Local governance is aimed at establishing public authorities that are closer to citizens, restoring legitimacy to public institutions in environments where the local level is often that where there is a sense of social belonging, conducive to the creation of public places for dialogue. When closely connected with the populations, the local authorities can respond to them with well-tailored policies, in particular in the field of public services and trigger a local economic dynamic capable of contributing to the revitalisation of national development.
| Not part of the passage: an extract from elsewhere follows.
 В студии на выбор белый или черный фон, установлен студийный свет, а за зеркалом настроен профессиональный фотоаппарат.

Ht Ministry of Foreign and European Affairs supports the complementary processes of decentralisation and deconcentration, so as to boost consistency between the action of the State and the local authorities in favour of development.
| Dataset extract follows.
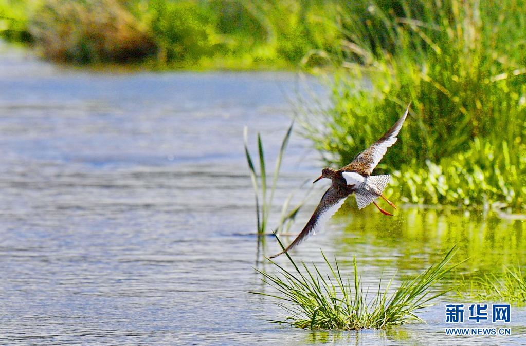 初夏,紅腳鷸在位于西藏拉薩的拉魯濕地國家級自然保護區內起舞覓食。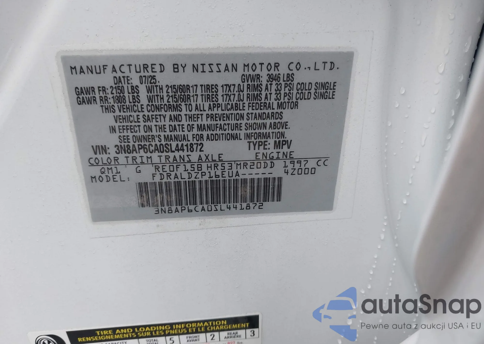 • VIN 3N8AP6CA0SL441872

Alongside this, regional integration processes are developing, hence enabling the States to combine their institutional and human resources in key structural fields, as well as demand their rights at the international level. The regional setting is also seen as a source of “leverage” for reforms, sometimes difficult to apply at the national level and a local level suited to implementing certain sector-specific strategies (transport, energy, food safety, etc.) that are necessary to the fight against poverty. Such forms of cooperation are, moreover, a factor for stability and conflict prevention between States.
At the same time, interdependence between the regional levels makes shared skills management a necessity. Consideration for local dynamics is one of the keys to achieving well-suited and effective sector-specific policies at the national level. The aim is to combine national policies and the objectives of the local authorities with a view toward achieving the Millennium Development Goals. Likewise, the involvement of local players strengthens the regional integration process, in particular in cross-border regions. Such full-fledged subsidiarity can only be implemented with the cooperation of the States which, while seeing their functions and structures change, still maintain their legitimacy as protectors of fundamental principles, public freedoms and guarantors of regional cohesion.
With this view toward the territorialisation of public action, the Ministry of Foreign and European Affairs works to renew the sustainable planning policies of territories in Southern countries. With decentralisation, such policies have become a skill shared between the State and the local authorities. The need for a shared forward-looking view of territorial development in the medium- and long-term becomes vital. The Ministry of Foreign and European Affairs supports stronger players and the development of tools that will enable them to define, on their own, at the sub-regional and regional levels, their priorities as regards infrastructure location and “territorial projects”.